Task details: Below are records with pictures. Transcribe exactly, and only, the lines from the line with "12 如圖示之電路,求電流 I 之值約為何?" to the line with "Once you have", both ends included, but not the pictures.

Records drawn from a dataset
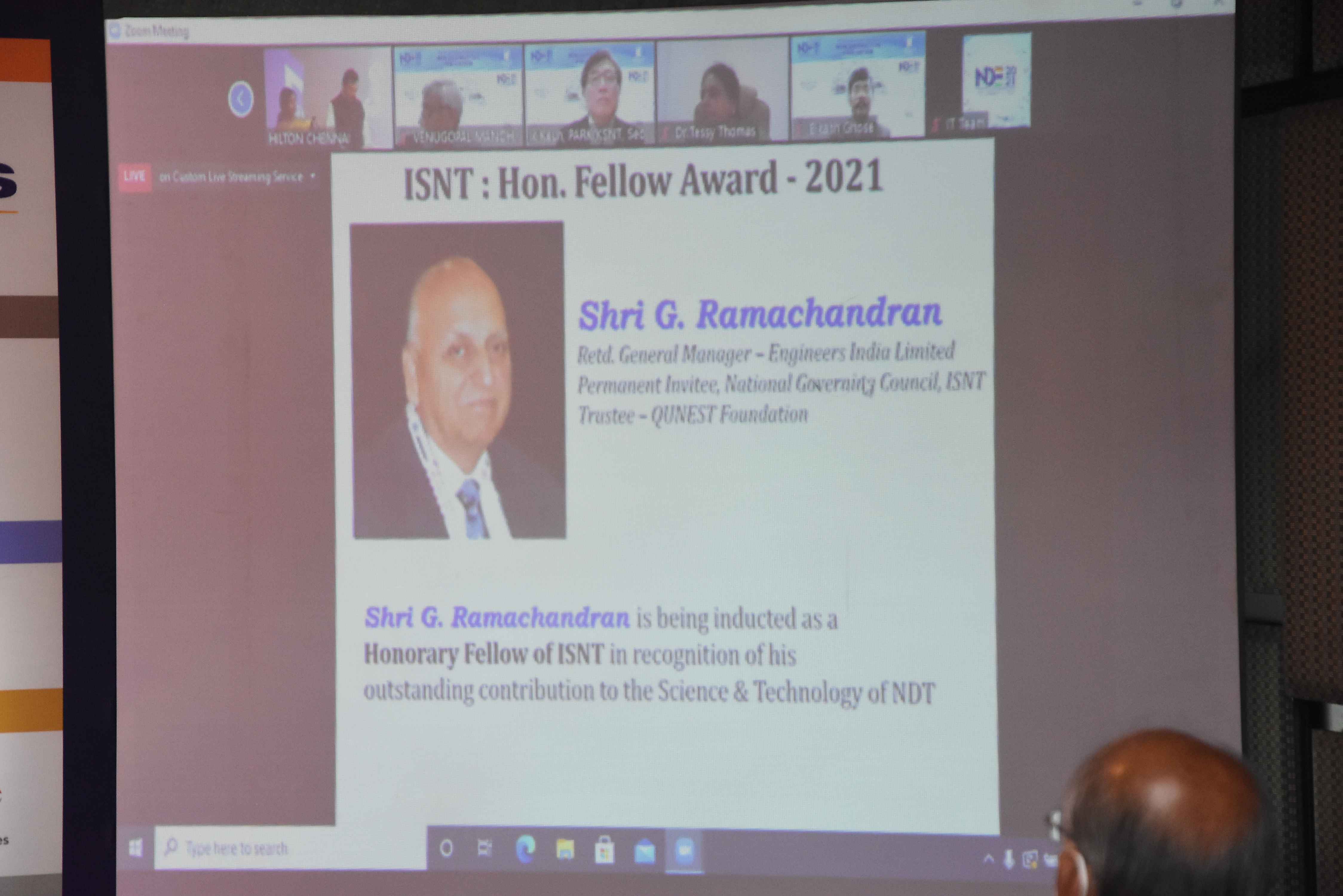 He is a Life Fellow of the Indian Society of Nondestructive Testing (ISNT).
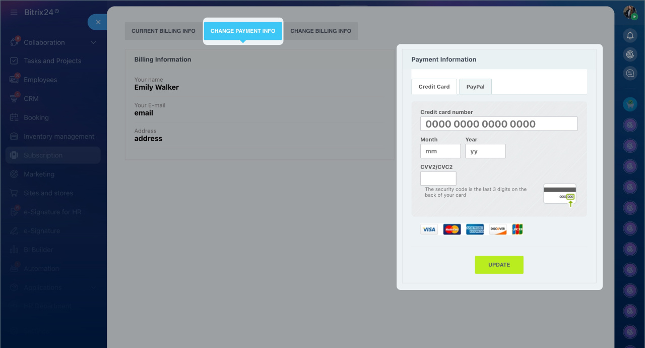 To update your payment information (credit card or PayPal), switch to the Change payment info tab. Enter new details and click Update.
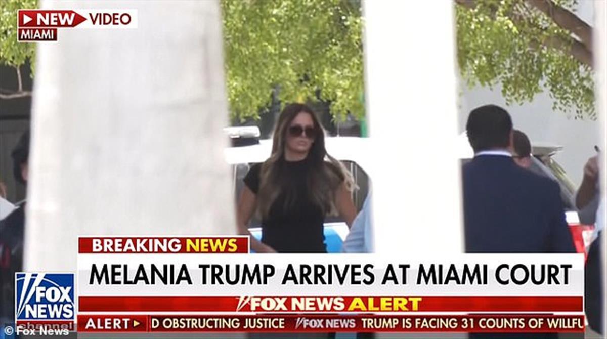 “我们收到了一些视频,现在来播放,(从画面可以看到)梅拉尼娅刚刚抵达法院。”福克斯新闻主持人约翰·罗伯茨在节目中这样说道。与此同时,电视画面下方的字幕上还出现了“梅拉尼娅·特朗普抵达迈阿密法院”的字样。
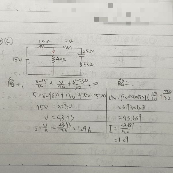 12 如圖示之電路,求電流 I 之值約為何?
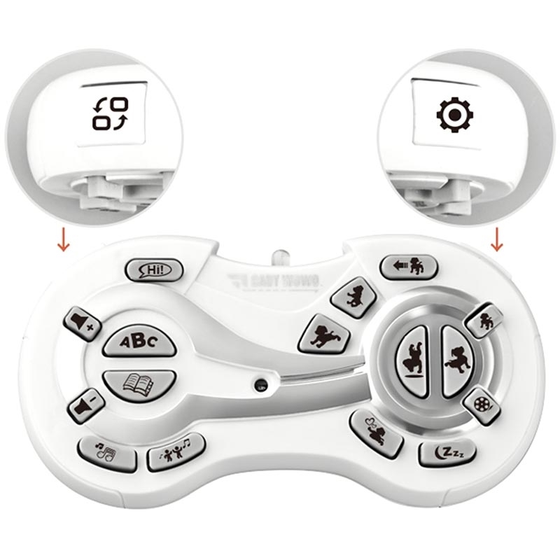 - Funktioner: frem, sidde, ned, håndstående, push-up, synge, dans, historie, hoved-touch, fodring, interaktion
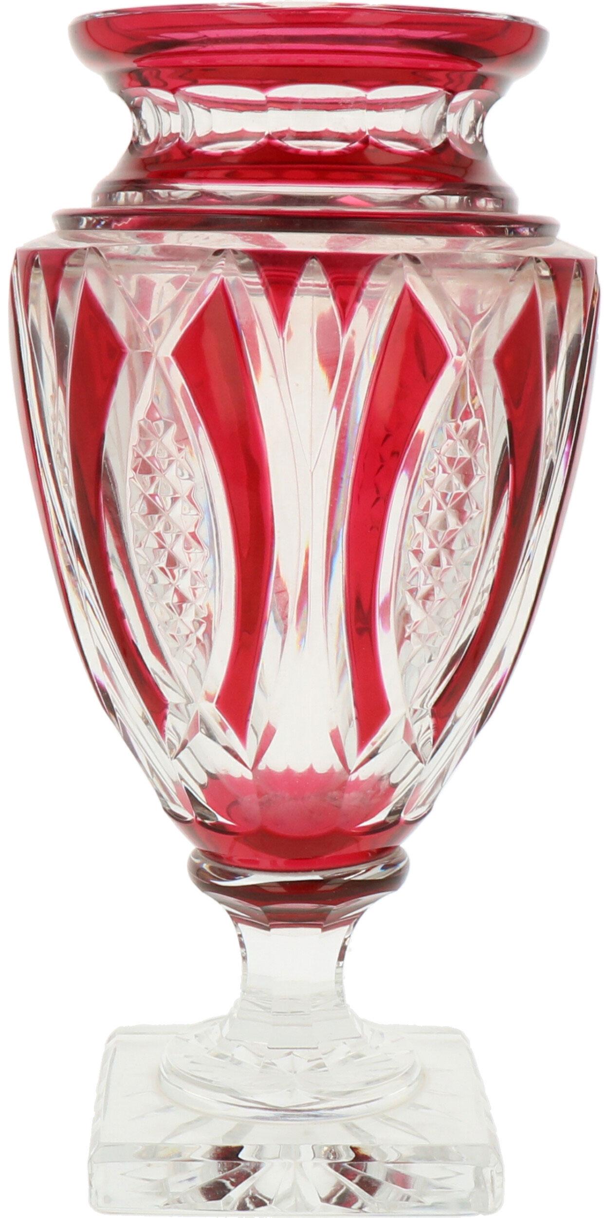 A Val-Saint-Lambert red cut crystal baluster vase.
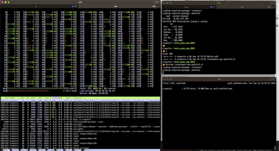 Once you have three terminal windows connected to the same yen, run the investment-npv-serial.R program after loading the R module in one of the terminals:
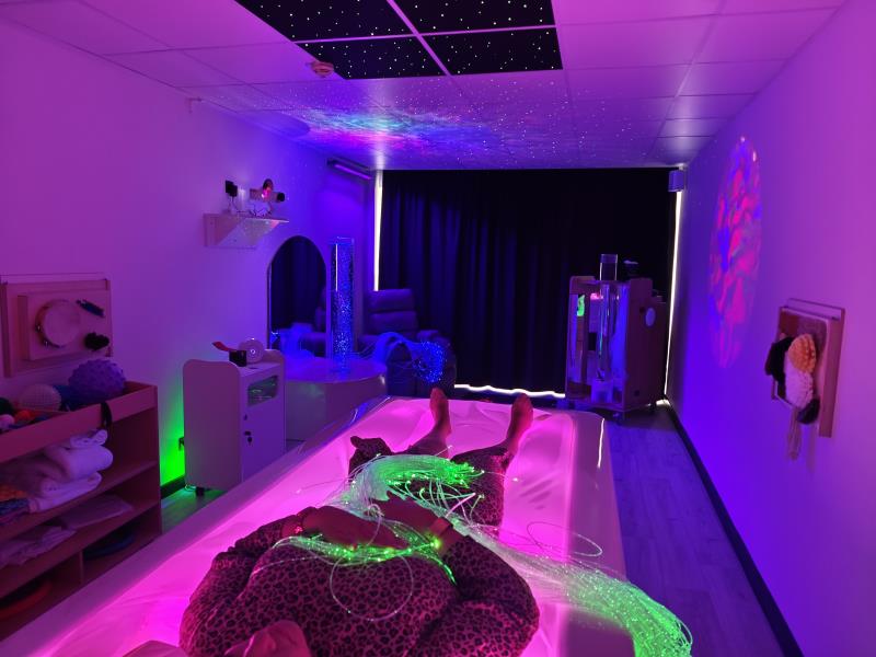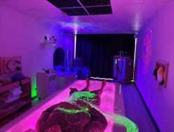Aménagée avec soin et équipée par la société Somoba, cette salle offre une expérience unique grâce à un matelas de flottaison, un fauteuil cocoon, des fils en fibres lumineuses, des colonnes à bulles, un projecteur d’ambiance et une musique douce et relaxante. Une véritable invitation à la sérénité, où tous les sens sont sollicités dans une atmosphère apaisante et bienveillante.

Written answer:
 12 如圖示之電路,求電流 I 之值約為何?
 - Funktioner: frem, sidde, ned, håndstående, push-up, synge, dans, historie, hoved-touch, fodring, interaktion
 A Val-Saint-Lambert red cut crystal baluster vase.
 Once you have three terminal windows connected to the same yen, run the investment-npv-serial.R program after loading the R module in one of the terminals:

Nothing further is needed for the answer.